For performance and accuracy, it is also better if the hand is not near the edges of the frame, if the light conditions are good, and if the hands are perpendicular to the camera angle (so the whole hand is visible, not just the edge of it). Also, take into account that feet can be recognized as hands sometimes, so avoid mixing them.

That is enough theory; let's jump straight into a code example! We will build a demo app that will be able to detect hand landmarks using the front video camera of a phone and will display an overlay on the detected points.

Implementing hand detection

In this section, we are going to implement a demo app that will be able to detect hand landmarks using the front video camera of a phone.

The code bundle of this project contains the initial project and also the final result. Go ahead and open the project named HandDetection_start.

The project contains two main files: A UIView instance named CameraView.swift and a UIViewController instance called CameraViewController.swift.

The view contains helper methods to draw points on coordinates. It will serve as an overlay to draw on top of the camera feed. Just know that the showPoints(_ points: [CGPoint], colour: UIColor) method will allow us to draw an array of CGPoint structs into the overlay on top of the video camera feed.

The view controller will be the centerpiece of the example and is where we are going to implement the relevant code to perform the hand detection. Go ahead and open the CameraViewController.swift file. Let's examine the code skeleton that we will fill out step by step.
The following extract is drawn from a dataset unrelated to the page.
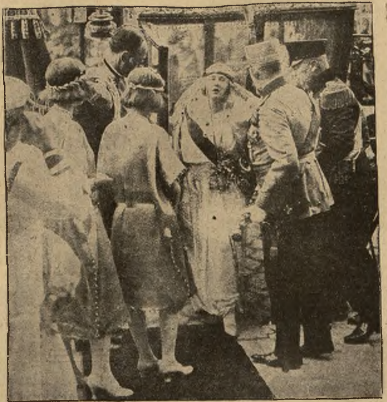
Zaślubiny króla Aleksandra Karageorgiewicza: I) Król Aleksander w towarzystwie królowej matki rumuńskiej. II) Księżniczka Marya wysiada z karety dworskiej przed katedrą belgradzką.

At the top of the file, we are defining four properties:

  • The Vision hand detection request: handPoseRequest: VNDetectHumanHandPoseRequest. We will apply this request at the top of the video stream, to detect hand landmarks in each frame. If we detect any, we will display some points in the overlay to show them.
  • The properties to work with the front video queue, the overlay, and the video stream: videoDataOutputQueue, cameraView, and cameraFeedSession.
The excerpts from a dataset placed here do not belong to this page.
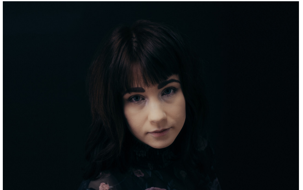
Henna berättar om att när det kommer till kreativitet, så kan man uttrycka sig på så många olika vis.
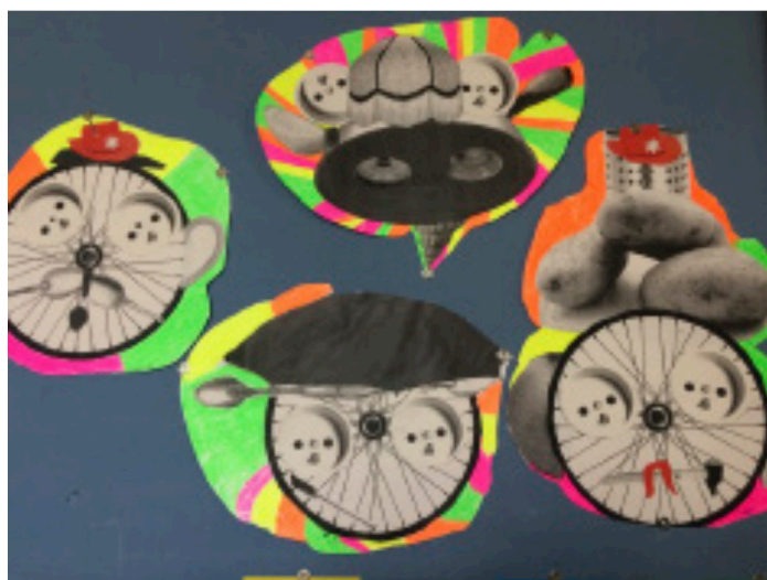
Figure 1 : activité des visages à partir du collage

Dehors il y a des visages avec des compositions exposés, (...) ils avaient des formes photocopiées de différentes grandeurs et ils avaient des consignes, les consignes étaient orales : voilà vous prenez 5 objets et vous devez former un visage. Les objectifs étaient la création, ce n'est pas à la manière de non plus, en tout cas je ne leur ai pas montré autre chose que l'on pourrait faire à la manière de, puis c'était la créativité. Après je me suis rendu compte que certaines photocopies induisaient quelque chose, je n'aurais pas dû en mettre autant, il y avait une photocopie d'une roue de vélo, donc ils l'ont tous utilisé pratiquement pour faire le visage. Enfin ce sont des choses qu'on se rend compte un peu après, en faisant.
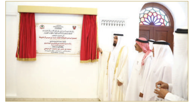
المنامة - الأوقاف السنينة

الاستراتيجية للحكومة برئاسة صاحب السمو الملكي ولي العهد رئيس مجلس الوزراء، والتي تعد جزءاً أساسياً من جهود الدولة لتعزيز القيم وتقوية الروابط في المجتمع، منها على أن التوسع في المشاريع الإسكانية يعكس التزام الوطن بتوفير البيئة الملائمة لأداء الواجبات الدينية، وتعزيز التواصل الاجتماعي بين أفراد المجتمع. وثنم رئيس مجلس الأوقاف السنينة الدعم السخي المقدم من المتبرع في تشييد المسجد، معبراً عن امتنانه لقيم الشراكة المجتمعية التي تعكسها هذه المبادرة.
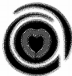
Emblem of Agape Movement

The property of this corporation is irrevocably dedicated to charitable and religious purposes and no part of the net income or assets of this corporation shall ever inure to the
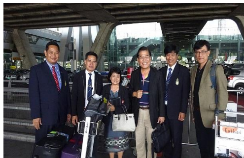
曼谷國際機場接機歡迎

With the viewDidAppear and viewWillDisappear methods, we are starting/creating and stopping AVCaptureSession for the camera.

And finally, in the next four methods, we have four TODO comments, which we are going to implement one by one to create this app. Let's summarize the TODO tasks that we are going to perform:

  • TODO 1: Detect one hand only.
  • TODO 2: Create a video session.
  • TODO 3: Perform hand detection on the video session.
  • TODO 4: Process and display detected points.

We are going to implement these four tasks in the following subsections.

Detecting hands

Vision can do more than detect one hand at a time. The more hands we ask it to detect, the more it will impact performance. In our example, we only want to detect one hand. By setting maximumHandCount to 1 on the request, we will improve performance.

Let's start by adding this code below // TODO 1:

// TODO 1: Detect one hand only.

handPoseRequest.maximumHandCount = 1

Now, let's create a video session to capture the video stream from the front video camera of the device.

Creating a video session

For the second task, we are going to fill out the code inside the setupAVSession() method. Go ahead and paste the following code inside the method:

// TODO 2: Create video session

// 1 - Front camera as input

guard let videoDevice = AVCaptureDevice.default(.builtInWideAngleCamera, for: .video, position: .front) else {

  fatalError("No front camera.")

}

// 2- Capture input from the camera

guard let deviceInput = try? AVCaptureDeviceInput(device: videoDevice) else {

  fatalError("No video device input.")

}

First, we are creating a videoDevice: AVCaptureDevice instance by querying for the video front camera (if it exists!) with this:

guard let videoDevice = AVCaptureDevice.default(.builtInWideAngleCamera, for: .video, position: .front) else {

  fatalError("No front camera.")

}

Then, we use that videoDevice to generate a deviceInput: AVCaptureDeviceInput instance, which will be the video device used for the stream, with the following code:

guard let deviceInput = try? AVCaptureDeviceInput(device: videoDevice) else {

  fatalError("No video device input.")

}

Now add this code:

let session = AVCaptureSession()

session.beginConfiguration()

session.sessionPreset = AVCaptureSession.Preset.high

// Add video input to session

guard session.canAddInput(deviceInput) else {

  fatalError("Could not add video device input to the session")

}

session.addInput(deviceInput)

let dataOutput = AVCaptureVideoDataOutput()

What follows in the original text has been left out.